• _Exercise goal_: Leaving out the pictures, retype the lines from the top of the listing through the line with "Входящее в комплект" exactly.

• _Collected material_:
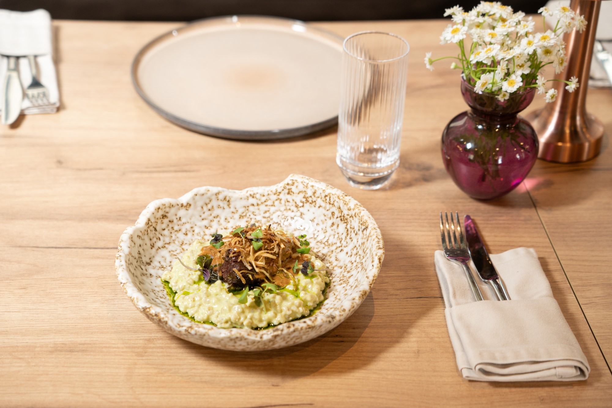 Томас: К примеру, салат со скумбрией в квасном сусле. Рыба маринуется, потом покрывается квасным суслом и обжигается горелкой. К ней добавляются листья салата, томат, жареный картофель и всё это заправляется домашним майонезом на основе тыквы, который мы делаем сами. Второе блюдо — говяжьи щёки, в Балтийских их никто не ел. Когда гости начали пробовать, оказались в восторге. Решили пойти на эксперимент, и в качестве гарнира выбрали перловку. Мне сначала говорили: «Да ну, прекращайте, тут одни солдаты, какая перловка». Но при дегустации никто даже не понимает, что это, потому что она приготовлена как ризотто. Получается перлотто с говяжьими щеками. Эти два блюда у нас вне конкуренции, их очень любят. Ну и плюс пицца и паста.
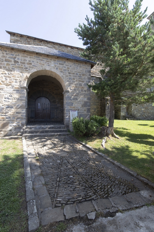 El pórtico se sitúa al final de la nave de la Epístola, en el tramo anterior a los pies. Tiene planta cuadrada, cubierta con tejado a tres aguas, y abre al exterior por la parte frontal en arco de medio punto. Al fondo del pórtico, descentrada respecto a la abertura de este, se abre la puerta de la iglesia, en arco de medio punto con voluminosas dovelas.
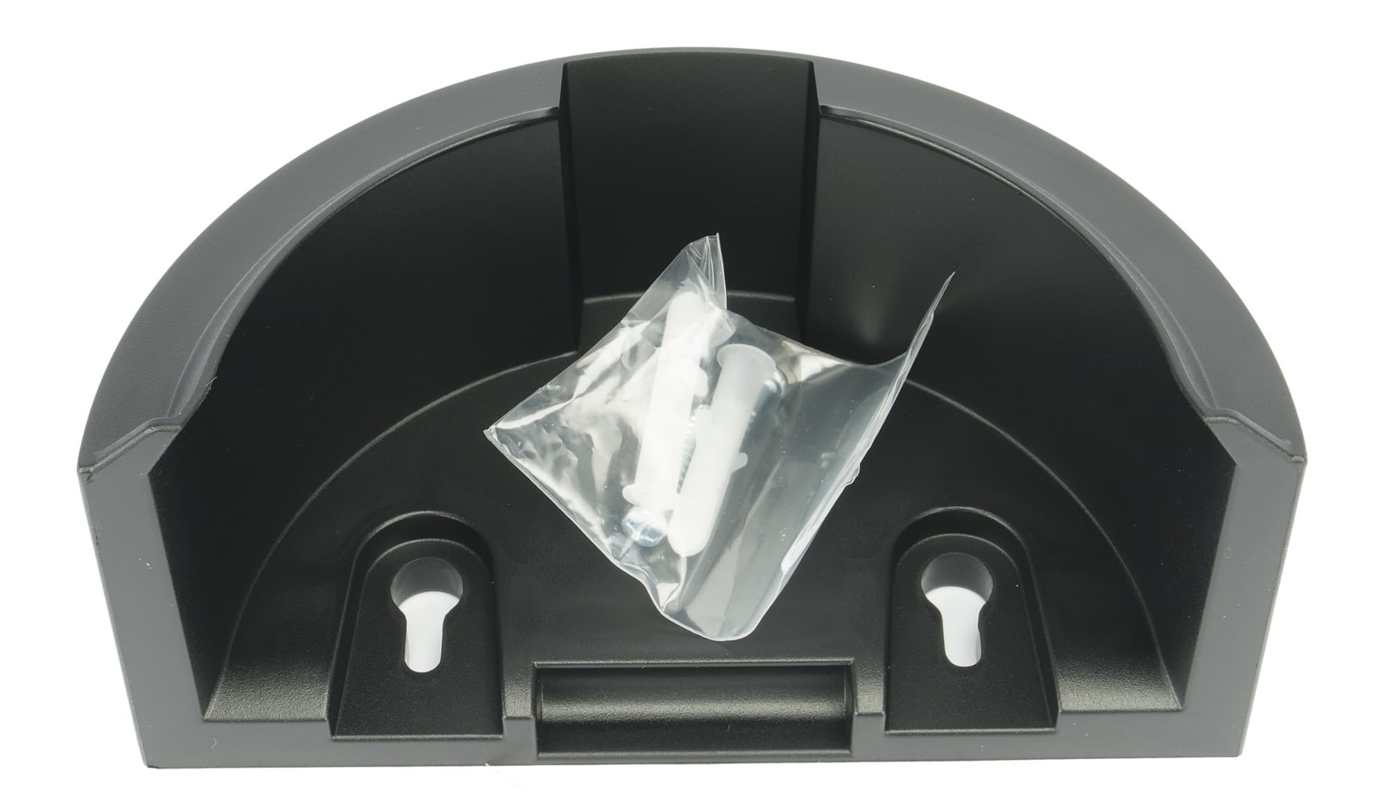 Входящее в комплект несложное крепление позволяет хранить пылесос в сборе. Но у него нет каких-либо мест для насадок — их придется держать отдельно. Не оборудован подвес и контактами: штекер зарядного устройства пользователь должен подключать вручную. В коробке мы обнаружили также набор из двух саморезов и двух нейлоновых дюбелей.
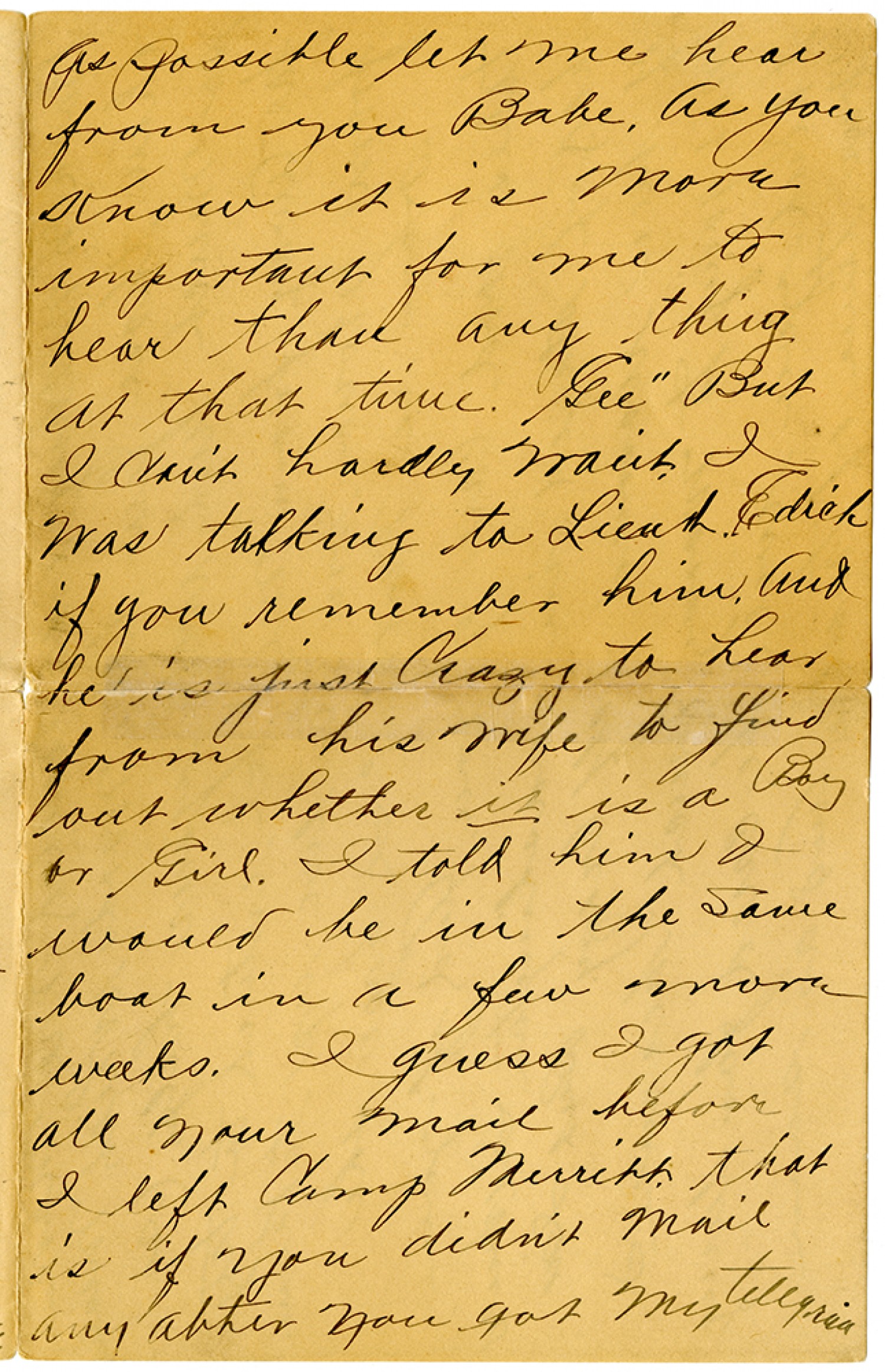 as possible let me hear from you Babe, as you know it is more important for me to hear than any thing at that time. "Gee" But I can't hardly wait. I was talking to Lieut Edich if you remember him, and he is just crazy to hear from his wife to find out whether it is a Boy or Girl. I told him I would be in the same boat in a few more weeks. I guess I got all your mail before I left Camp Merritt that is if you didn't mail any after you got my telegram

• _Finished task_:
 Томас: К примеру, салат со скумбрией в квасном сусле. Рыба маринуется, потом покрывается квасным суслом и обжигается горелкой. К ней добавляются листья салата, томат, жареный картофель и всё это заправляется домашним майонезом на основе тыквы, который мы делаем сами. Второе блюдо — говяжьи щёки, в Балтийских их никто не ел. Когда гости начали пробовать, оказались в восторге. Решили пойти на эксперимент, и в качестве гарнира выбрали перловку. Мне сначала говорили: «Да ну, прекращайте, тут одни солдаты, какая перловка». Но при дегустации никто даже не понимает, что это, потому что она приготовлена как ризотто. Получается перлотто с говяжьими щеками. Эти два блюда у нас вне конкуренции, их очень любят. Ну и плюс пицца и паста.
 El pórtico se sitúa al final de la nave de la Epístola, en el tramo anterior a los pies. Tiene planta cuadrada, cubierta con tejado a tres aguas, y abre al exterior por la parte frontal en arco de medio punto. Al fondo del pórtico, descentrada respecto a la abertura de este, se abre la puerta de la iglesia, en arco de medio punto con voluminosas dovelas.
 Входящее в комплект несложное крепление позволяет хранить пылесос в сборе. Но у него нет каких-либо мест для насадок — их придется держать отдельно. Не оборудован подвес и контактами: штекер зарядного устройства пользователь должен подключать вручную. В коробке мы обнаружили также набор из двух саморезов и двух нейлоновых дюбелей.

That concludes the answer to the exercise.